Tollgate Camps Bring Kids to the Farm All Year Long
It is the dead of winter at the Michigan State University Extension’s Tollgate Education Center and Farm in Novi, and the fields and orchards are entombed in snow and ice. Thoughts of crops, vegetables and farm stands seem like a faraway dream. On this frigid, desolate Monday in January, a group of 13 elementary-aged children are seated around a table inside a converted pig-house-turned-classroom, dicing apples and shredding potatoes.
The children are here for a special Martin Luther King Day educational session called “Healthy You, Healthy Earth through Eating Locally.” The session is designed to teach kids about where their food comes from and the value of eating local, both for their own health and for that of the planet. As the children slice and dice, teachers talk about the ins and outs of apple orchards and potato farming. Slowly the fragrance of potato pancakes frying on a griddle begins to fill the room.

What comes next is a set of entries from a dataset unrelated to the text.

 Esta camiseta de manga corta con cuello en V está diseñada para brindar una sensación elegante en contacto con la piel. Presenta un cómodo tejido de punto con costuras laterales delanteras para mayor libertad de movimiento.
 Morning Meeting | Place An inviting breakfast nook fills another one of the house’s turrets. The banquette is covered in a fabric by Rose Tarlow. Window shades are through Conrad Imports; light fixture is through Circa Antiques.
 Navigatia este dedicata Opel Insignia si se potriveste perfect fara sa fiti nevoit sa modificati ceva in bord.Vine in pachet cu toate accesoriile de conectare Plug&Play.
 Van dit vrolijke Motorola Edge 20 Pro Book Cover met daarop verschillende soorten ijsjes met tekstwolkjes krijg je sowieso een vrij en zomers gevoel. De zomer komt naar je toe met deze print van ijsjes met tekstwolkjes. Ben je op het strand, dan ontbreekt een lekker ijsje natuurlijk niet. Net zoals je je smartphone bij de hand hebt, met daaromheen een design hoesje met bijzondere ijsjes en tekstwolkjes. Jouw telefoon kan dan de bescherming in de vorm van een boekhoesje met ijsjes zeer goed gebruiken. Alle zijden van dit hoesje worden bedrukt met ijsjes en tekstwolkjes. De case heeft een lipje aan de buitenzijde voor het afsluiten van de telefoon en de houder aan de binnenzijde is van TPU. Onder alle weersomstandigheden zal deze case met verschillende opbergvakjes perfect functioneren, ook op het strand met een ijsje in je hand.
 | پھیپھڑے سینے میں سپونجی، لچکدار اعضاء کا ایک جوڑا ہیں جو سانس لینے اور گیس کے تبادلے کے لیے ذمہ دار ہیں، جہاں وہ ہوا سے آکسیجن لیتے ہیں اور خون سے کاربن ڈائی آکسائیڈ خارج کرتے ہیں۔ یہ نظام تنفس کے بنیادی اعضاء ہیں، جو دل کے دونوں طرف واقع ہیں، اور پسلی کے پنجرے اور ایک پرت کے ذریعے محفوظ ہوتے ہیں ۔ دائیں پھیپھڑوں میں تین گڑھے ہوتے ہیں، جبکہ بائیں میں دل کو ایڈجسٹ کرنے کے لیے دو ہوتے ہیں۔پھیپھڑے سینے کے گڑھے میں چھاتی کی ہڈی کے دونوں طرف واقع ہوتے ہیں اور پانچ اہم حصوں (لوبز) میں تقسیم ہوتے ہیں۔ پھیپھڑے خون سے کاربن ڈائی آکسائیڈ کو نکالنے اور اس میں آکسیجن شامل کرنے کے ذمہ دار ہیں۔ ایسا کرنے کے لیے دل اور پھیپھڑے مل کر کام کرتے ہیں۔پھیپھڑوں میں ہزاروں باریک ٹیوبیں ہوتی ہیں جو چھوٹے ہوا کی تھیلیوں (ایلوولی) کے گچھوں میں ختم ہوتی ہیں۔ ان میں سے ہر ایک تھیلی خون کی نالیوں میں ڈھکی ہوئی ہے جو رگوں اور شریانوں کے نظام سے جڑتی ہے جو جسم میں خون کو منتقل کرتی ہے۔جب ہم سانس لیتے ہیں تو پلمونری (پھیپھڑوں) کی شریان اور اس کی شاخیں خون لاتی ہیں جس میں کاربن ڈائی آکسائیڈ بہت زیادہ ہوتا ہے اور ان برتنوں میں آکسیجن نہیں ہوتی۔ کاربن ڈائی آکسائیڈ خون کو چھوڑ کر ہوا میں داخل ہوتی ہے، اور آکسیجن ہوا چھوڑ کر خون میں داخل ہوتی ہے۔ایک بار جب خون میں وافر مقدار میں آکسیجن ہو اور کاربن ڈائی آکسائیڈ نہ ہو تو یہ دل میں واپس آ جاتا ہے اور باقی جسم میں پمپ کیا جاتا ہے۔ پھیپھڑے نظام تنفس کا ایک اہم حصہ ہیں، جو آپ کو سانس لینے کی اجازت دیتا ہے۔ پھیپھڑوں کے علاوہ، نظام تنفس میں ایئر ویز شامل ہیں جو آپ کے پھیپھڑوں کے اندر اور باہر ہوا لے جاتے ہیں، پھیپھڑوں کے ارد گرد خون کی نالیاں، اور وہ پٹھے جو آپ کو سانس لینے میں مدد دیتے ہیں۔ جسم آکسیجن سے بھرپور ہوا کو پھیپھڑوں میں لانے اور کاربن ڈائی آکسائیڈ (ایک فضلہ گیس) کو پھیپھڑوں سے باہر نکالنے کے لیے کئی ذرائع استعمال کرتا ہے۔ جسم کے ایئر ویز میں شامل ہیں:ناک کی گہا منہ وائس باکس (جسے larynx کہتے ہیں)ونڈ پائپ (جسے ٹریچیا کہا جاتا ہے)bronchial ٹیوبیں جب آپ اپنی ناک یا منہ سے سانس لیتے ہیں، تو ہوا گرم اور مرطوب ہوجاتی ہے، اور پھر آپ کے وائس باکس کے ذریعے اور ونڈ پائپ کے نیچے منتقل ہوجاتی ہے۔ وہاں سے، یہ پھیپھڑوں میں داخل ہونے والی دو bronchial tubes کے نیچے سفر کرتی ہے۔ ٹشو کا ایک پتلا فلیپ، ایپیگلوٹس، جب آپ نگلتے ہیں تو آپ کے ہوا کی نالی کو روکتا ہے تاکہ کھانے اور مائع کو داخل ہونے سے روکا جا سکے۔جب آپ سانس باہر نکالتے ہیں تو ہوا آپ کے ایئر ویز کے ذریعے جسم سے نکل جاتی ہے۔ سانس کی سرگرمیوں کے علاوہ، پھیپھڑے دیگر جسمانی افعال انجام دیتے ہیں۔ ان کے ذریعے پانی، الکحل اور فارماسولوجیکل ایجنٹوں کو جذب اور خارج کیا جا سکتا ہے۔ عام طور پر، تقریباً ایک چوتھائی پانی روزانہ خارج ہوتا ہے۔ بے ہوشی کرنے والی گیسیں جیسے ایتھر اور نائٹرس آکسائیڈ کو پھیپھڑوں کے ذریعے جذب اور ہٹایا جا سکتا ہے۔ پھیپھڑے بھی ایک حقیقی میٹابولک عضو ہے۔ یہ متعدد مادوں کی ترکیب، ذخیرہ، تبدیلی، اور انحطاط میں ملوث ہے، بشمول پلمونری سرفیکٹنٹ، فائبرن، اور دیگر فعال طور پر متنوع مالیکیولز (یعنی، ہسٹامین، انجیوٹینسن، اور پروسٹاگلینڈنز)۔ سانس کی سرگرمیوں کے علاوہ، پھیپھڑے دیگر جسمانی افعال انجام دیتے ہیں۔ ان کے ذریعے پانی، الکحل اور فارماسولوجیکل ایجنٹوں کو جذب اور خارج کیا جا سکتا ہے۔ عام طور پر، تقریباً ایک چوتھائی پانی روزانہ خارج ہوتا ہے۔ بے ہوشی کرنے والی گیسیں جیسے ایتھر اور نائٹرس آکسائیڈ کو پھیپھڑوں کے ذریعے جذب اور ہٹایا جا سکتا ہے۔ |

Apples and potatoes are two locally produced foods that are available in Michigan at this time of year, says Alan Jaros, education coordinator at the farm. The idea behind the exercise, in addition to providing a tasty snack, is to introduce the concept of seasonality. “We are trying to instill in them at a young age an interest in local food, because we know there are so many barriers to eating local,” he says. Those barriers, according to Jaros, include awareness and comfort.
“People just aren’t aware of the options, and many are intimidated by the farmers’ market environment,” says Jaros. The program aims to help bridge that awareness and build a comfort level by equipping kids with knowledge about where their food comes and why it is healthy for their bodies and the planet to choose local foods. In addition to learning about food, the students sharpen their math skills by learning about fractions as they chop the apples and potatoes.
“All of our learning programs are experiential in nature,” says Jaros, who has a background in adult education and human resources development from Oakland University. Prior to coming to Tollgate, he worked at Bowers Farm in Bloomfield Hills, where he developed food and farming education programs in partnership with the Bloomfield Hills School District.
A second barrier to eating local, according to Jaros, is access. That barrier is more prevalent in urban, lower-income communities, he explains. To address this barrier, Tollgate partners with disadvantaged communities in Ferndale, Detroit, Southfield and Hamtramck on a school-to-farm program to bring children to the farm for field trips where they can learn about growing and eating healthy food.
In addition to this MLK Day camp, Tollgate offers several other programs designed to involve kids in growing food and eating local. A February winter break camp acquaints kids with meeting the needs of farm animals throughout the winter, including feeding and egg collecting, and an April maple sugaring camp allows kids to experience firsthand where the sweet stuff they put on their pancakes comes from.
An Outdoor Classroom Workshop Series offers educational opportunities for teachers on how to bring the farm back to the school, covering topics such as starting and sustaining school gardens, utilizing hoop houses and greenhouses for education and how to develop youth farm stands.
Tollgate’s summer program includes weeklong day camps on a variety of topics that teach concepts through a “do, reflect, apply” experiential learning model. A Bats, Bees and Butterflies camp allows children to explore the world of pollinators to understand the critical role they play in plant propagation and agriculture. A Green Science camp explores questions such as how milk becomes ice cream and how pumpkins grow so big. A Careers in Natural Resources camp acquaints kids with options for pursuing careers in natural resources and environmental stewardship.
Tollgate also hosts a Sun, Water & Seeds 4-H club, which is run independently by area parents. The 4-H club grows crops in a hoop house on Tollgate’s property and raises free-range heritage turkeys. The produce is sold at a weekly farm stand on Tollgate’s property throughout the harvest season.
The farm was purchased in 1831 and settled in 1836 by the Bassett family, who continued to farm until 1951, when it sold the farm to Adolph and Ginger Meyer of Birmingham. The Meyer family retained the farm even as the land around it began to urbanize. In 1987, the Meyers formed the Americana Foundation—dedicated to preserving farmland and expressions of American heritage—and donated the property to Michigan State University to use the farm as an educational facility.
Today, the farm spans the original 160 acres, occupying several buildings that were once barns that have been converted to conference facilities and classrooms. A now-defunct silo serves as a tiny historical museum for the farm. The former farmhouse, built sometime between 1840 and 1855, houses the offices of the Americana Foundation. Programs are funded through a mix of program revenues and support from MSU Extension, the Americana Foundation and private and corporate donations.
Tollgate is always looking for innovative new program opportunities and partnerships to help connect people with the food they eat, Jaros says. “We are all about building conscious food consumers.”